The performers agreed that playing the iconic role was a great honor, and also a great responsibility. Both Baranski and LuPone recalled feeling intimidated when finding out they had been cast. Baranski recalled Stephen Sondheim stating that she was going to have fun playing the role, to which Baranski responded: "Fun? This is like scaling a mountain. This is terrifying."

The actresses took different approaches to preparing for the role. Baranski read London Labour and the London Poor by Henry Mayhew to take a deeper look into the priorities of a lower-class woman in Victorian England. Ashford, Salonga, Bonham Carter, and LuPone all revisited previous performances, including Angela Lansbury’s originating performance in 1979. Others took a more personal approach, such as Marie, who drew from her culture and background as a black woman to develop the character. The performers also voiced differences in their interpretations of the role. McKenzie saw Mrs. Lovett less as a villain and more as a product of her circumstances, whereas LuPone saw her as a manipulator and the true villain of the story.

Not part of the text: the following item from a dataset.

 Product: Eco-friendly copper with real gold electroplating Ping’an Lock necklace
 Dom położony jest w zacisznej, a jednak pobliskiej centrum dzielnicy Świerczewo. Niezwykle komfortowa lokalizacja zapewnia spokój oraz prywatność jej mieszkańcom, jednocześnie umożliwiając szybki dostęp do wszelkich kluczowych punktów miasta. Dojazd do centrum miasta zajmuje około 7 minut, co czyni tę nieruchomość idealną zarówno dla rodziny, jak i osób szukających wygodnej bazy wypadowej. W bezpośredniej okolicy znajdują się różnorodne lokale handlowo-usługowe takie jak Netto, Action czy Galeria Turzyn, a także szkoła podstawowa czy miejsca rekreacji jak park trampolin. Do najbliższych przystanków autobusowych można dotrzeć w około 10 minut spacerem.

Foster, Bonham Carter, and Solonga agree that Mrs. Lovett’s desperate need for love leads to her eventual demise, and LuPone theorized that the first lie she tells at the top of the show leads the character down the path of manipulation that leads to her fate. Ashford describes Mrs. Lovett’s arc as Shakespearean in how wild, broad, and grounded it is, and compared the character to Puck.